Bindhu, who is being treated for hysteria, frequently returns to a hysteric state more often. In the desire to know about her past, Major Sundarrajan compels her mother to reveal the truth. He informs Rajee about her past and she cures Bindhu. A few days later, Vinod takes Bindhu to a hill resort to bring about a change in her. There, Bindhu witnesses the women who aborted her, gets hysterical and becomes unconscious. Vinod learns the truth and he disowns her. After she recovers, she returns, but Vinod isn't ready to accept her as he feels that she has cheated him by hiding the truth. But Ramesh admits that he was the culprit behind her condition and commits suicide. Finally, Vinod understands the truth and accepts Bindhu as his wife.

== Production ==
The film began production in September 1978 at Arunachalam Studios.

== Soundtrack ==
The music was composed by Ilaiyaraaja, and the lyrics were written by Kannadasan. The song "Ilamai Enum Poongaatru" is set in the Carnatic raga known as Chalanata, and was written at Hotel Palmgrove, Madras. It attained popularity, and was later re-used in another Tamil film Pagadi Aattam (2017).

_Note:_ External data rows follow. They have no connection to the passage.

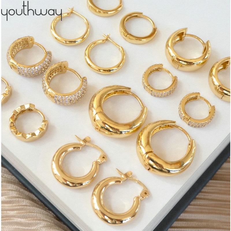 INS Gold Color Brass Hoop Huggies Earrings Small Large Circle Hoops CC Shape Statement Earrings Women Girls Unique Metal Jewelry
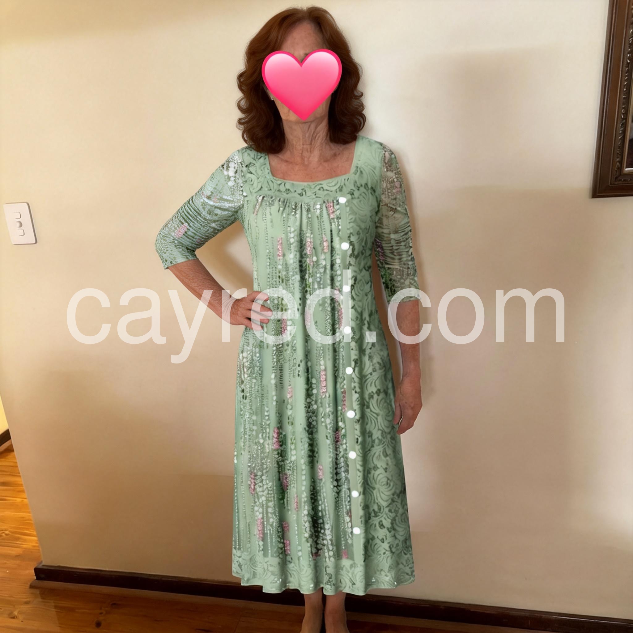 Imagine effortless elegance that turns heads at every glance. This fresh green midi dress captures modern sophistication with its architectural square neckline that frames the collarbone beautifully, paired with graceful long sleeves for refined polish. The A-line silhouette flows with understated grace, while the luxurious rayon-elastane blend moves like silk against your skin—stretchy enough for all-day comfort, yet structured enough to maintain its impeccable shape. Practical side pockets add a touch of everyday luxury, while the midi length strikes the perfect balance between timeless and contemporary. Whether you're navigating the office, attending weekend brunches, or stepping into evening plans, this dress adapts seamlessly to your lifestyle. Machine washable for effortless care. Discover the dress that makes you feel as good as you look.
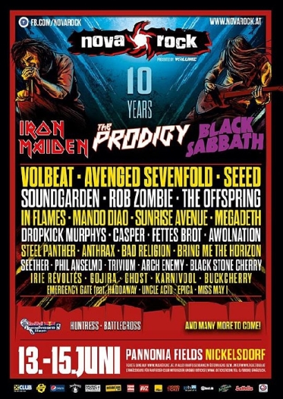 Folyamatosan igyekszünk hírt adni a külföldön zajló legnagyobb fesztiválokról is. Arról már beszámoltunk, hogy az év legnagyobb metal fesztiváljának az idén 25. születésnapját ünneplő Wacken fesztivált tartják. Nem véletlen, hiszen a 2014. július 31 és augusztus 2 között megrendezésre kerülő fesztiválra mindössze 48 óra leforgása alatt elkelt mind a 75 ezer belépőjegy. Ez a fesztivál történetében nem újdonság, hiszen zsinórban ez már a kilencedik alkalom, hogy elővételben elkelt az összes jegy, de ilyen rövid idő alatt még sosem lett teltházas a fesztivál. Hasonlóan nagy esemény lesz a jövőre épp 10 éves osztrák Nova Rockfesztivál, amely június 13. és 15. között kerül megrendezésre. A fesztivál első nagy bejelentése a Black Sabbath koncertje volt, de már sokkal több híresség fellépését is közzétették a szervezők.
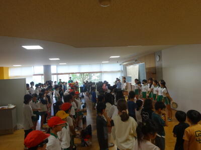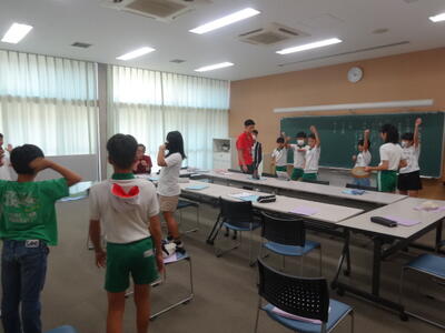 10月7日昼休みに『ブロック練習』がありました。運動会の4色のブロックごとに集まって応援の練習をしました。歌を歌ったり、動きを確認したりと、どのブロックも高学年のリーダーを中心に主体的にがんばっていました。
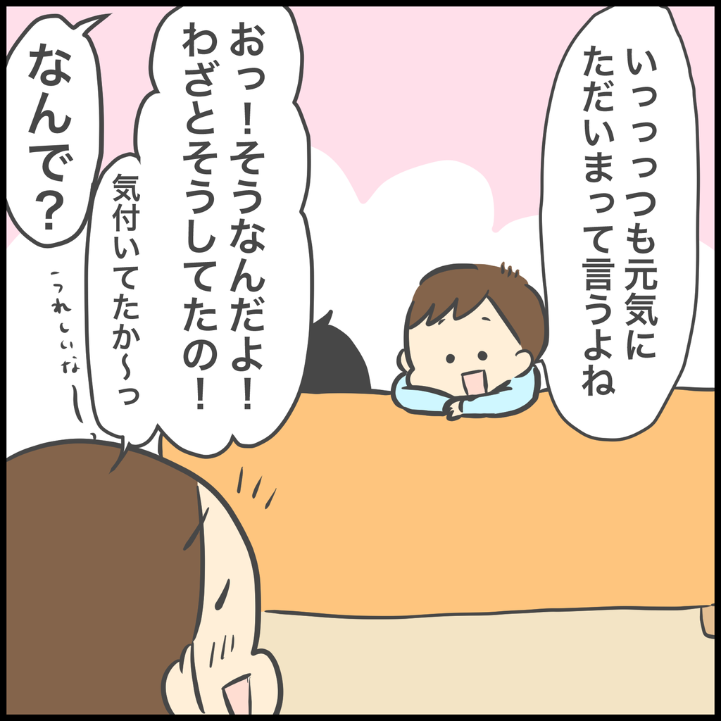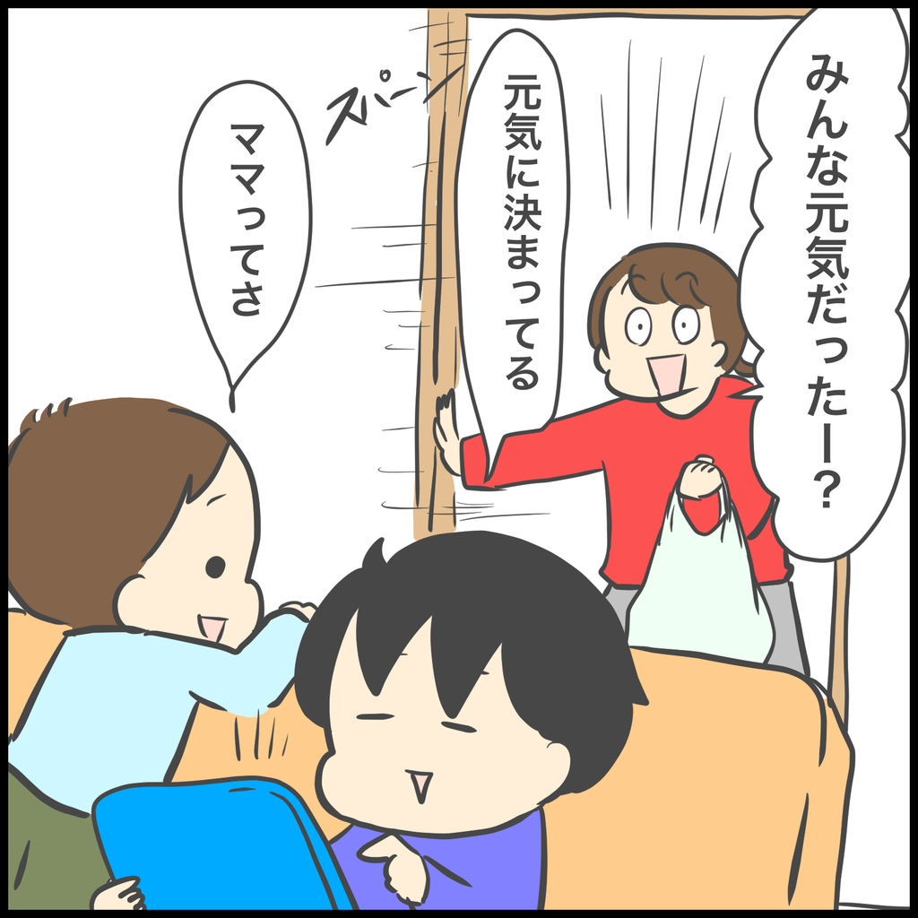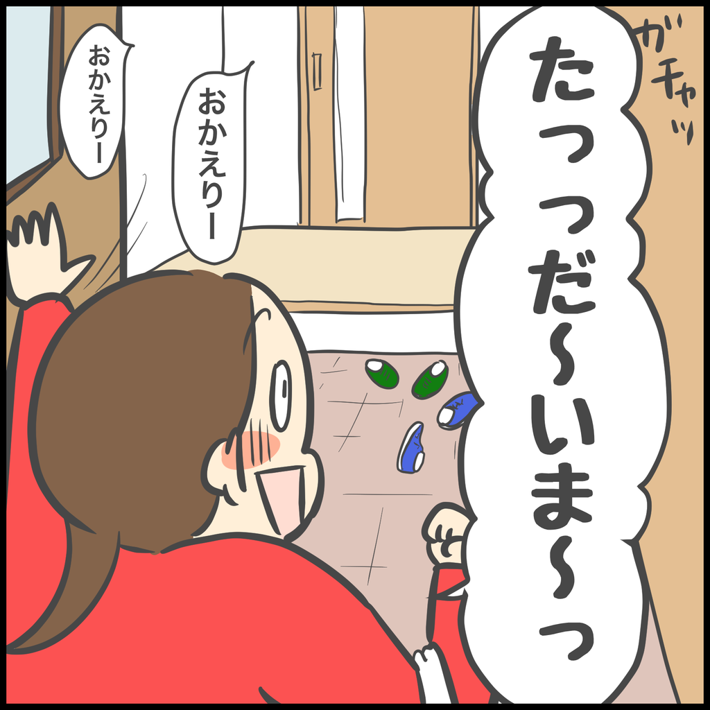 あとは「もう安心しろ〜!ママが帰ったぞ〜!」っていう合図ですね。
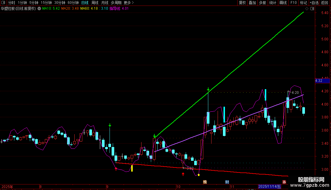 指导线:重心+GAO*(RSI-0.5),COLORMAGENTA,LINETHICK1;
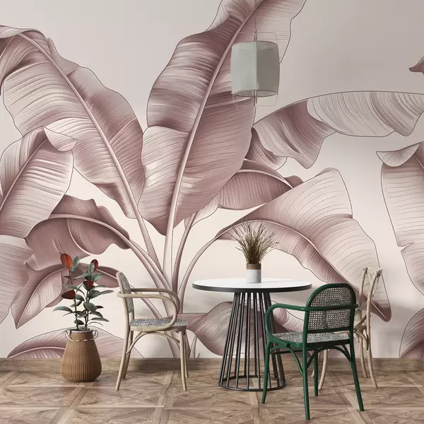 Fotomurales grandes hojas de plátano dibujadas en rosa pastel Nr. w07877v1
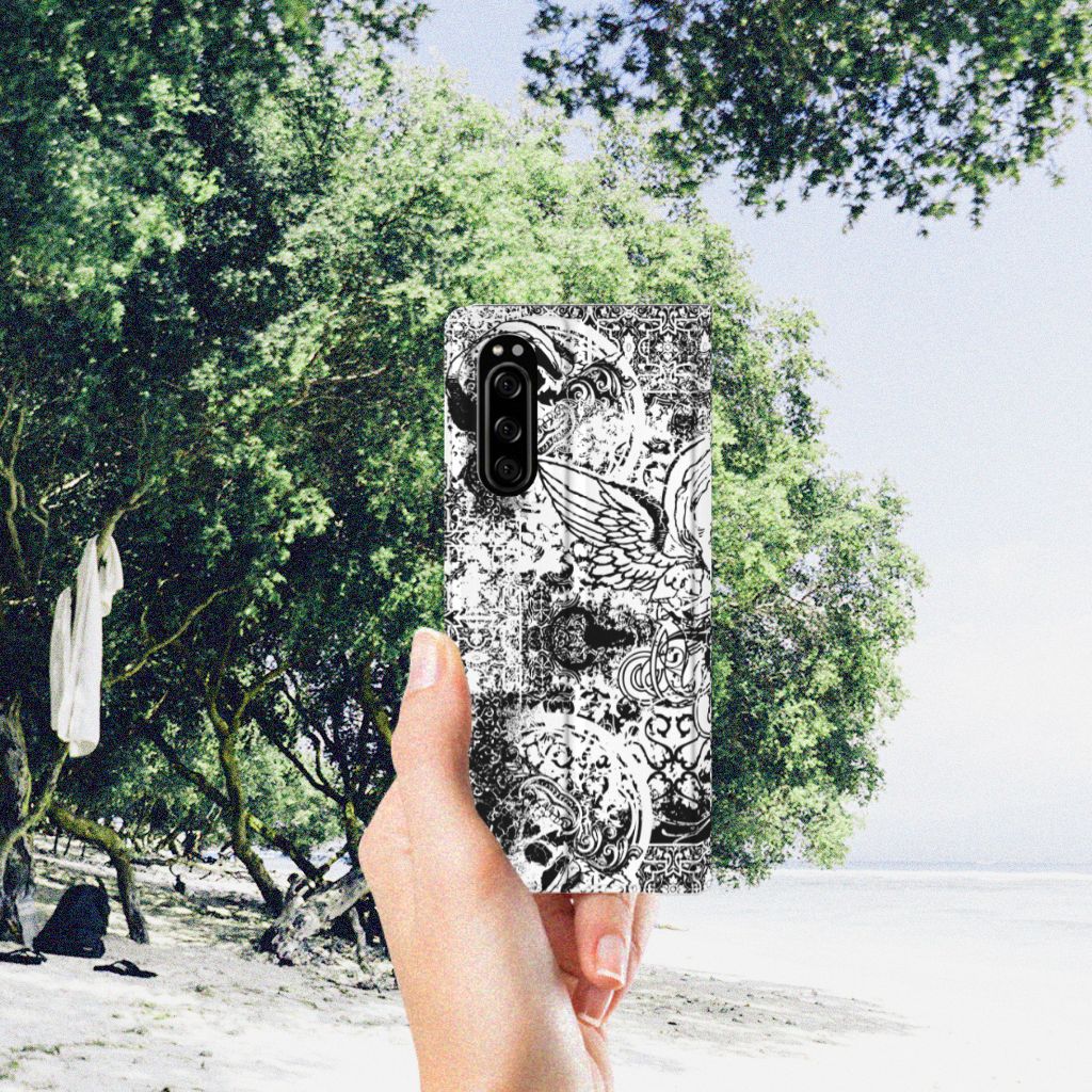 Mobiel BookCase Sony Xperia 5 Angel Skull Blauw

| Song | Singers | Length |
|---|---|---|
| "Kalaiyo Silaiyo Ithu Ponmaan Nila" | Jayachandran | 4:02 |
| "Thaamtha Theemtha Aadum" | S. Janaki | 5:13 |
| "Ponnaram Poovaram" | S. P. Balasubrahmanyam | 4:15 |
| "Ilamai Enum Poongaatru" | S. P. Balasubrahmanyam | 4:27 |
| "Thottam Konda Rasave" | Ilaiyaraaja, Jency | 5:13 |

The film was dubbed into Telugu as Nuvve Naa Srimathi and lyrics were written by Rajashri.

| Song | Singers |
|---|---|
| "Vayyaram" | S. P. Balasubrahmanyam |
| "Thaam Thadheem" | Vani Jayaram |
| "Kalavo Kathavo" | Madhavapeddi Ramesh |
| "Gorinkanti" | S. P. Sailaja, Madhavapeddi Ramesh |
| "Tolivayasu" | S. P. Balasubrahmanyam |

== Reception ==
Kalki appreciated the film for its innovative storyline, visuals, songs, cast performances and Sasi's direction.